We short-lived men, whose vision encompasses only the brief span through which we live and which we can survey, cannot grasp the significance of time…

Carpe Diem

Carpe diem first appears in the Odes, lyric poems composed by the Roman poet Horace in 23 BCE. Carpe means to pluck, harvest, or reap, and so carpe diem means to pluck the day, an agricultural term referencing the harvesting of grapes. Horace uses the metaphor of picking flowers or grapes to suggest living for today because life is short and future plans may not come to fruition. And so the ancient meaning of carpe diem was to live in the moment’s fullness and pluck the day, as there was no guarantee of tomorrow.

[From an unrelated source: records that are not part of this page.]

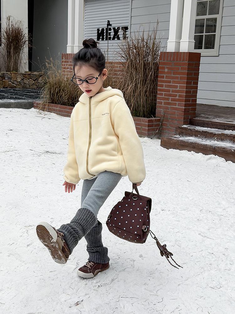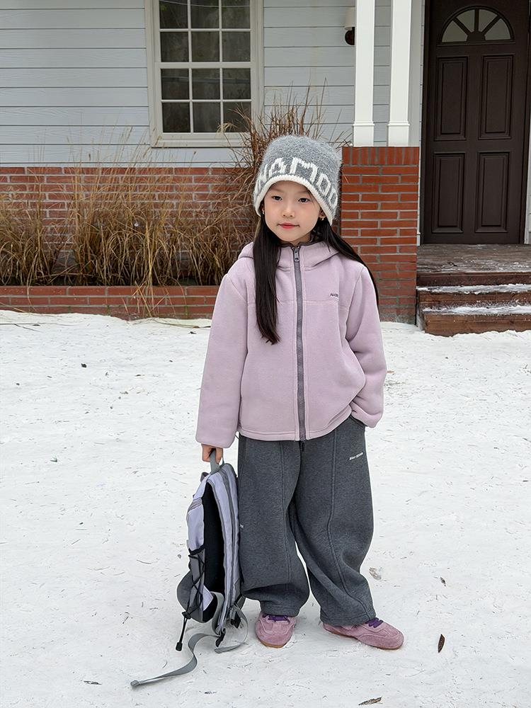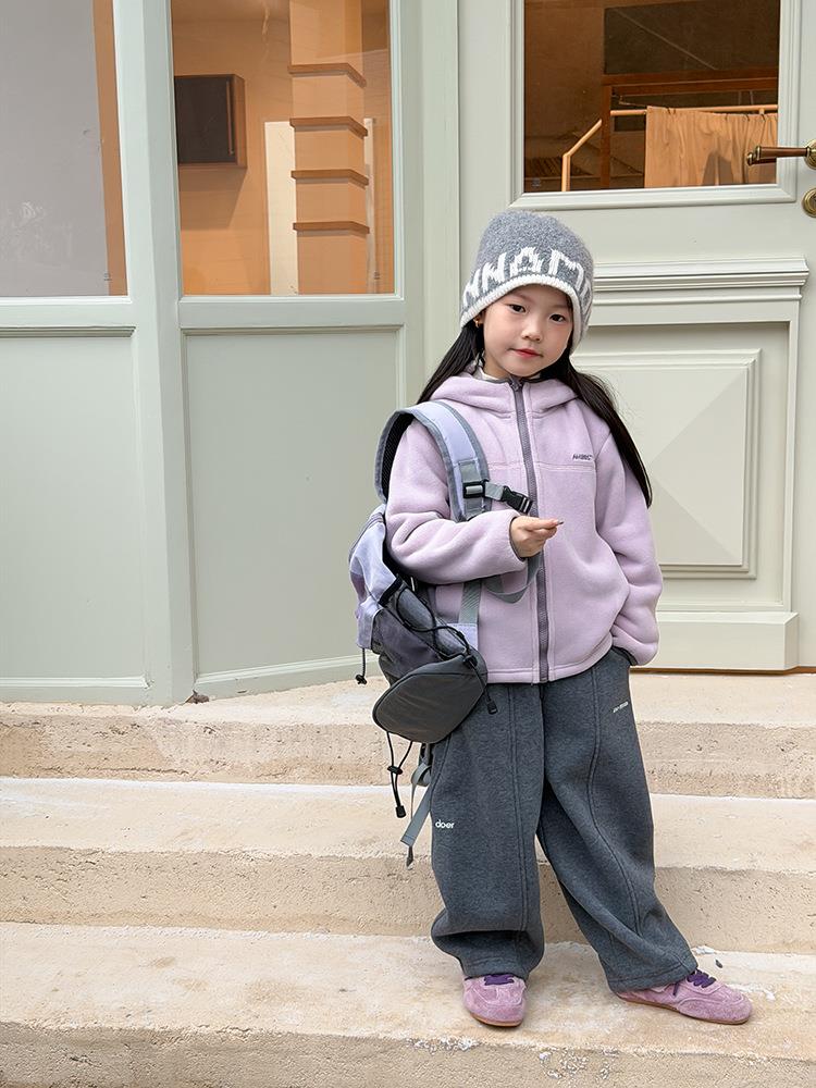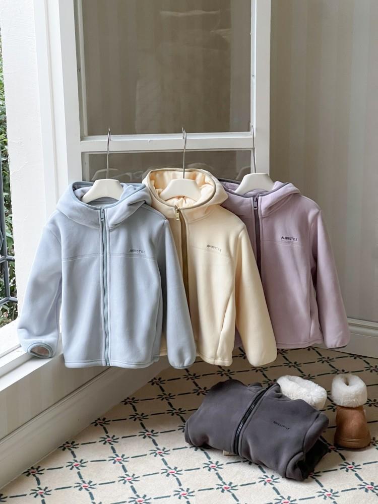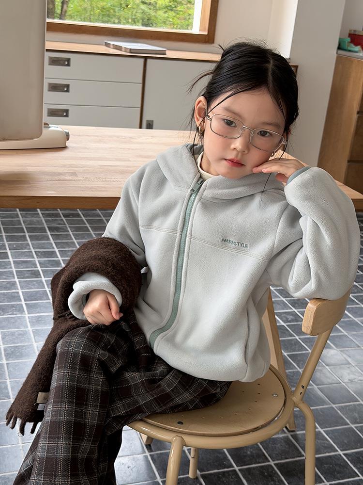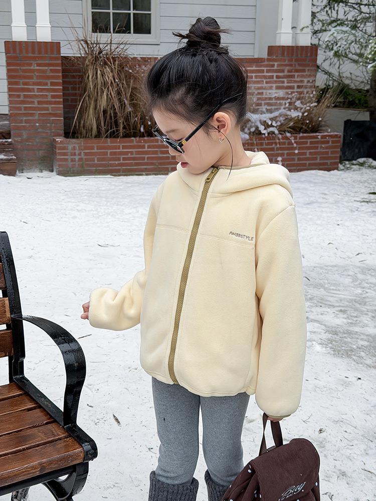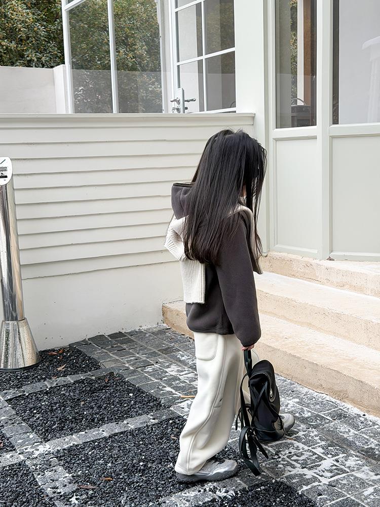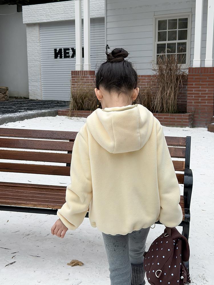 艾摩贝贝儿童冬季软而不压保暖休闲校园时髦卫衣软萌毛绒连帽外套
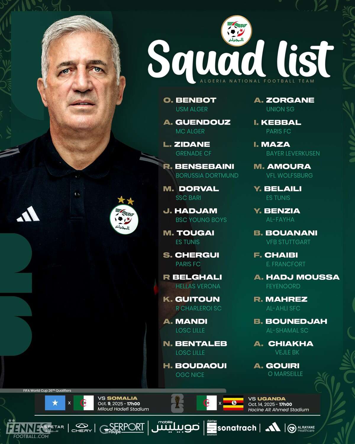 Algérie Foot – Le sélectionneur national Vladimir Petkovic a annoncé, ce jeudi 2 octobre, la liste des joueurs convoqués pour le stage d’octobre.
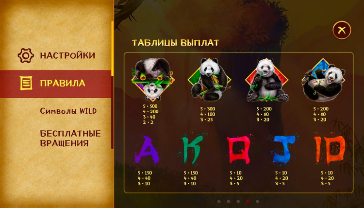 Таблица выплат Hungry Pandas
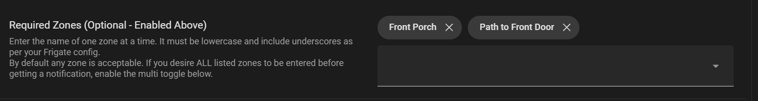 I prefer to use the alerts by zone kind of setup using frigate directly. But it should still work the way you are trying it. Have you tried putting them lowercase with underscores as per the description for that zone filter.

Being hedonistic, the Romans understood carpe diem as “party today because who knows what the future will bring?” However, the Torah value is markedly different. Starting with Moshe Rabbeinu and continuing through all the teachings in the Torah, the tzaddikim teach and inspire us to pluck the day by doing many mitzvot, studying Torah, and engaging in many acts of kindness.

live now

Seize the day; it is all you have to serve Hashem to the best of your abilities. Don’t worry excessively about the future because Hashem is only good, promising to provide what you need and never sending you what you cannot handle. Follow this version of carpe diem. You will earn your heavenly reward day-by-day and take part in the eventual redemption of the Jewish Nation and the world.

Mitzrayim (Egypt) was a place of hedonism as well. So, we see a profound message being expressed in Psalm 90 by Moshe Rabbeinu.